Yep, that's it. I love it... but I must have hit it on sale. I would have said <50 is what I recall. Maybe I've just been recommending it too much and built up the demand!


----------



## ghost1066 (Jun 11, 2015)

JR Custom Calls said:


> The screw on mine is on the opposite side of the handle. If you give me the model number of yours, I'll see if I can find a manual and locate the adjustment for ya


Thanks here is the info from the data plate. Delta serial # is R 9149 and catalog # 11-950 not much but that is what there is.


----------



## ghost1066 (Jun 11, 2015)

Schroedc said:


> Could be worse, they just started road construction in front of my shop.
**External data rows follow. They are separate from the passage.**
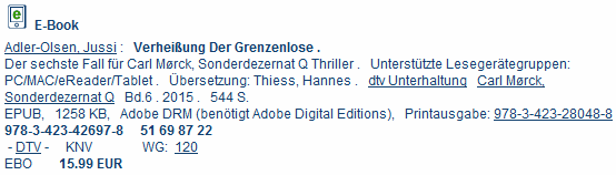Innerhalb der Vollanzeige eines Titels werden Ihnen im Bereich Übersicht Links zum Autor, zum Verlag, zu Schlagwörtern u. v. m. angeboten. Mit diesen Links können Sie innerhalb der Datenbanken weitersuchen. Nicht-lieferbare Artikel werden Ihnen mit Meldetext, Meldenummer und ggf. Erscheinungstermin angezeigt.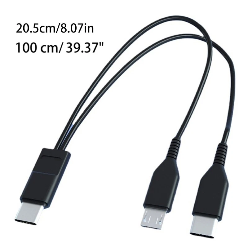 Features: Standard USB C to USB C and Micro-USB cable connects your devices with USB C port like laptop, PC to mobile or tablet with type c or micro usb port. Premium aluminum alloy for shell and gold-plated connector add additional durability and stability to this cable, which makes it more durable than normal usb c cables. It supports 5V 2A charging, cannot transmit data, and can two devices at the same for time. 2 in 1 seems and easily portable. for most phones, tablets and other devices with USB C and Micro USB on the market. Specifications: Color:Black,White Length:Approx.25cm/9.84in,100cm/39.37in(optional) Package Includes: 1x 2 in 1 USB C Cable note: Please allow 1mm errors due to manual measurement. Due to the difference between different monitors, the picture may not reflect the actual color of the item.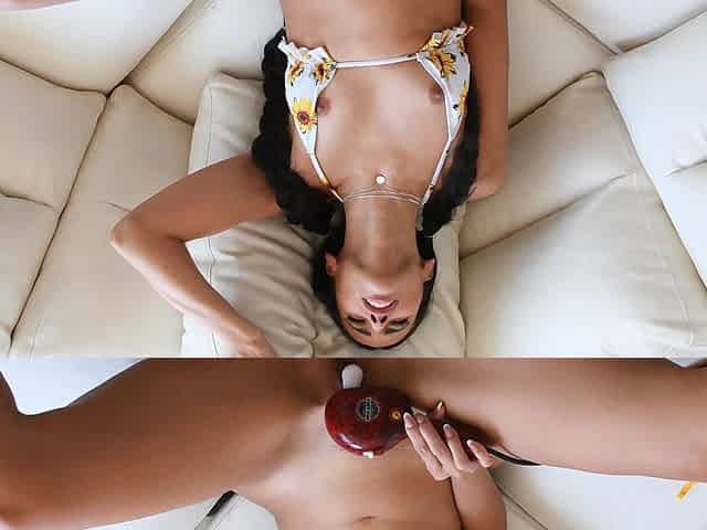 Brunette Aella with natural tits pleasuring her juicy pussy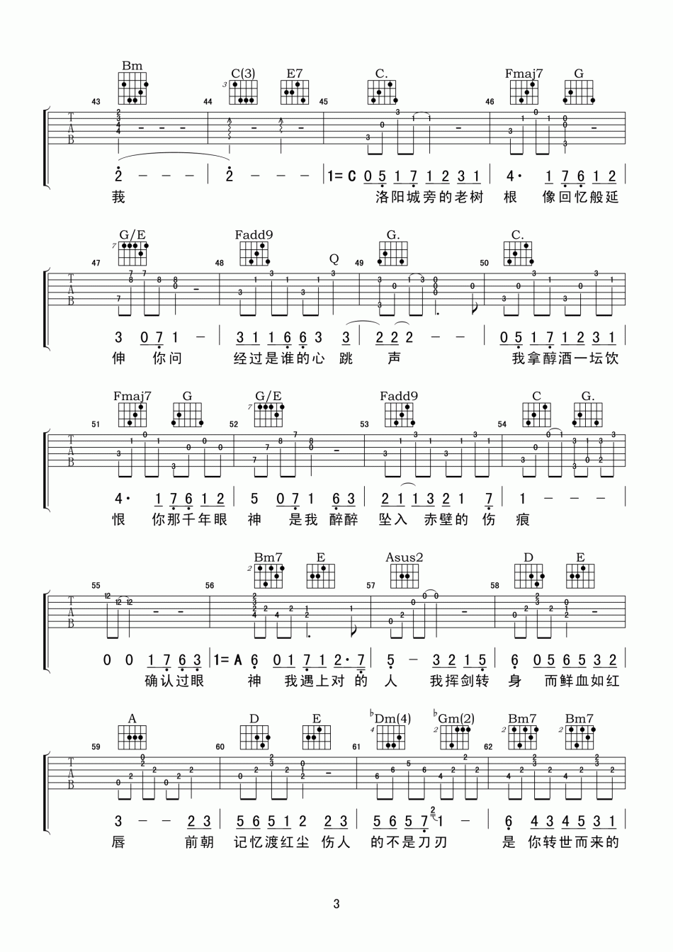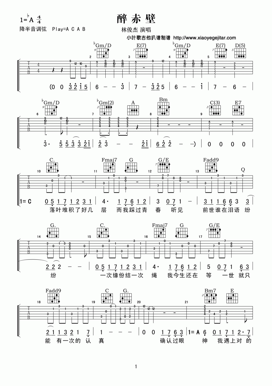 曲谱介绍: 林俊杰《醉赤壁》吉他弹唱谱,共有5张高清图谱。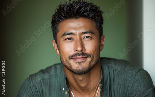 Fototapeta premium handsome man wearing casual clothing, want to smiling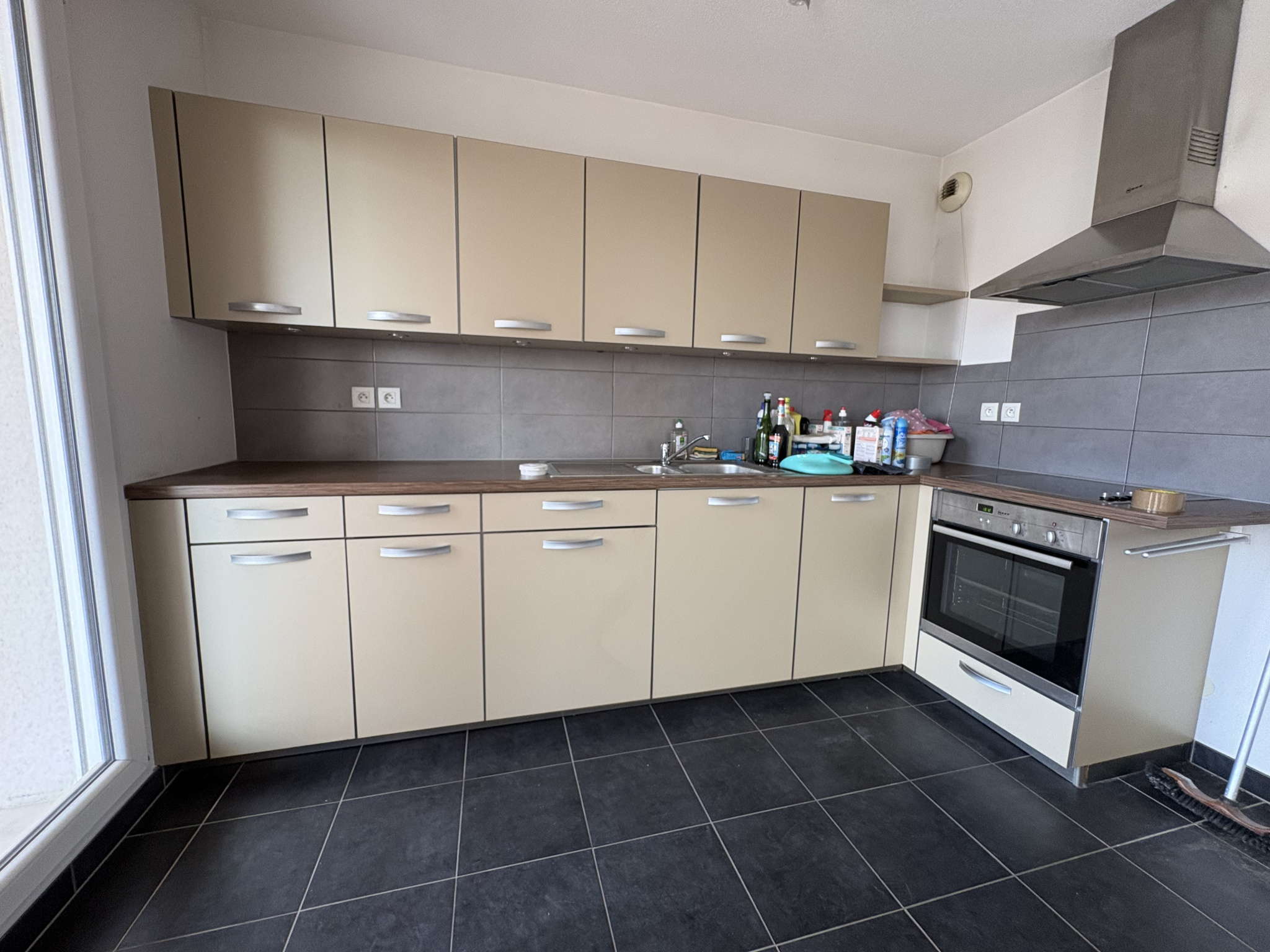 A 200 m de la frontière suisse et à 5 min à pied du Tram 11, au 6ème étage d'un immeuble calme, ce spacieux F3/4 de 78 m2 comprend : entrée avec placard, cuisine séparée partiellement équipée (hotte, four et plaque de cuisson) avec balcon, grand salon-séj...

I can kiss off all the summer tourist business for this year plus it looks like my show tomorrow is going to be cancelled due to weather.....
> 
> Up here I've got folks up the wazoo asking me to make duck calls but I'm worried I'll end up with saturation pretty quick and then how many calls would I get stuck with......


Can't get much worse for me. The list of problems here is so long most people wouldn't believe it if I told them. If I had people wanting anything I would be in the shop non stop till they stopped asking. Hate to hear your season is a bust that sucks and I know about cancelled shows. I can't even get to a show since I still have no vehicle and that is going on eight months now.


----------



## JR Custom Calls (Jun 11, 2015)

I couldn't find much online... but this looks like it might be it (circled). Mine is just a flat head screw. If you take the two nuts off the handle on the opposide side and carefully take off the spring, the handle should slide out, while you hold up on the quill. you can get a better look that way. My quill has a slot on the side that the screw rides in. if you tighten it up until it'll just barely slide in there, it should take out the runout.

Reactions: +Karma 1


----------



## ghost1066 (Jun 11, 2015)

Thanks Jonathon like you said there isn't much online thanks for looking. I saw that screw and wondered if that might be it but had no idea what to do with it.


----------



## ripjack13 (Jun 11, 2015)

Can't hurt to give em a call either.

http://www.deltamachinery.com/contact-us


----------



## ripjack13 (Jun 11, 2015)

Does your plate look like this?


----------



## ghost1066 (Jun 11, 2015)

@ripjack13 I just posted no then remembered I never looked at the motor data plate so yes it does. This along with the other numbers are all the info on the press.

Jonathon does the handle need to be removed to make adjustments? I can see the groove in the quill and tightened the screw but the runout didn't improve.


----------